Database Independent Development in C

libdbi brings to the UNIX C/C++ developer a functionality that has long been available to other programmers. A single binary may now be made database independent, without a tedious ODBC installation.

Windows programmers have long been able to free themselves from the bonds of a single database by using ODBC. With the porting of ODBC to UNIX, and the adoption of OS X (UNIX in six colors) by Apple, database independence becomes available to nearly all application developers.

That’s the theory, at least. Unfortunately, configuring ODBC requires administrative privileges, and configuration is decidedly non-trivial. If you’re like me, and most of the applications you write are written to be run in a web hosting environment, you can count on not having administrative access to the server.

Installing

At the time of this writing, libdbi supports PostgreSQL, MySQL, SQLite, mSQL and Oracle databases. The very first prerequisite is that you must install the client libraries for every database engine that you want to make available. In my case I installed PostgreSQL, MySQL and SQLite, the three database engines which I use the most.

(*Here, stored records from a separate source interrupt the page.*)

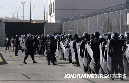 墨西哥一名政府官員說,華雷斯市一座監(jiān)獄內(nèi)的囚犯當(dāng)日發(fā)生暴動,至少20名囚犯在暴動中死亡,另有多人受傷。新華社/路透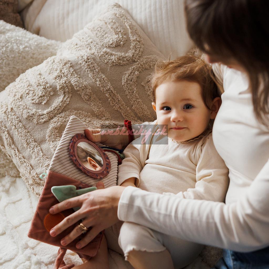 - Zrkadlo: Kniha obsahuje bezpečné a vizuálne pútavé zrkadlo. Podporuje naťahovanie a dotýkanie sa, rozvíja koordináciu ruka-oko. Vaše dieťa bude fascinované svojim vlastným odrazom.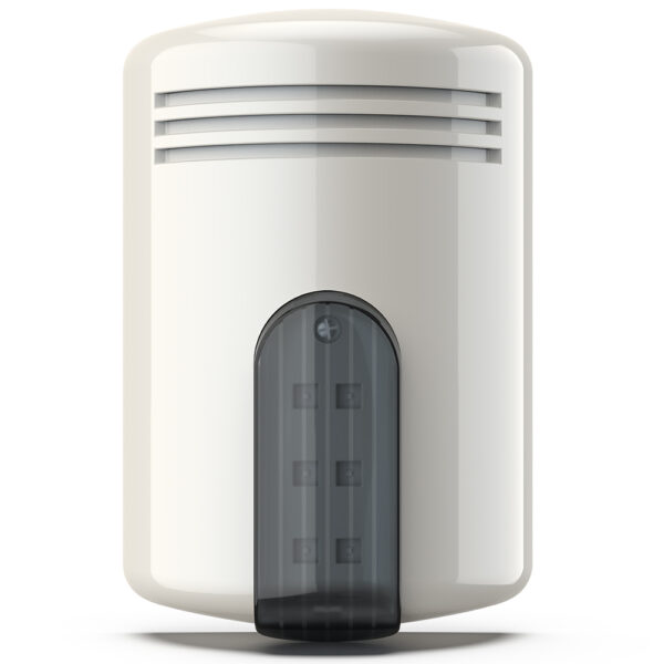 – Design trifft Robustheit: Zeitloses Weiß fügt sich unauffällig in Fassade und Interieur ein, das graue Blitzlicht sorgt im Alarmfall für klare Wahrnehmung.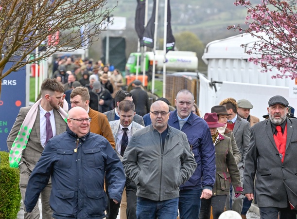 Race going fans arrive at a soggy day one of the Cheltenham Racing Festival at Prestbury Park in Cheltenham, England, Credit:Jules Annan / Avalon
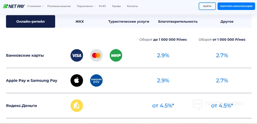 Внимание! У следующих платежных систем комиссия рассчитывается индивидуально, в зависимости от категорий реализуемых товаров/услуг и оборота принимаемых платежей: ApplePay, SamsungPay, Яндекс.Деньги, WebMoney, QIWI.

libdbi comes in two parts. The first, libdbi, provides the basic library that you’ll link your programs against. It contains the framework that figures out which functions to call in the database client libraries. You can download it from: http://libdbi.sourceforge.net

The second part is libdbi-drivers. This package builds to shared objects, one for each database, which in turn link to their respective database client libraries. This package can be downloaded from: http://libdbi-drivers.sourceforge.net

libdbi must be configured and installed first. It’s a fairly straightforward affair. All of the options are standard configure, except for the –with-ltdl and –with-shlib-ext options. If your system has a problem with the dlopen function call (which you won’t know until you’ve tried to run a libdbi program), you’ll need to enable the –with-ltdl flag, which uses a dlopen call provided by libtool. If you want the drivers to have an extension besides the default of .so, you’ll need to specify that with the –with-shlib-ext option.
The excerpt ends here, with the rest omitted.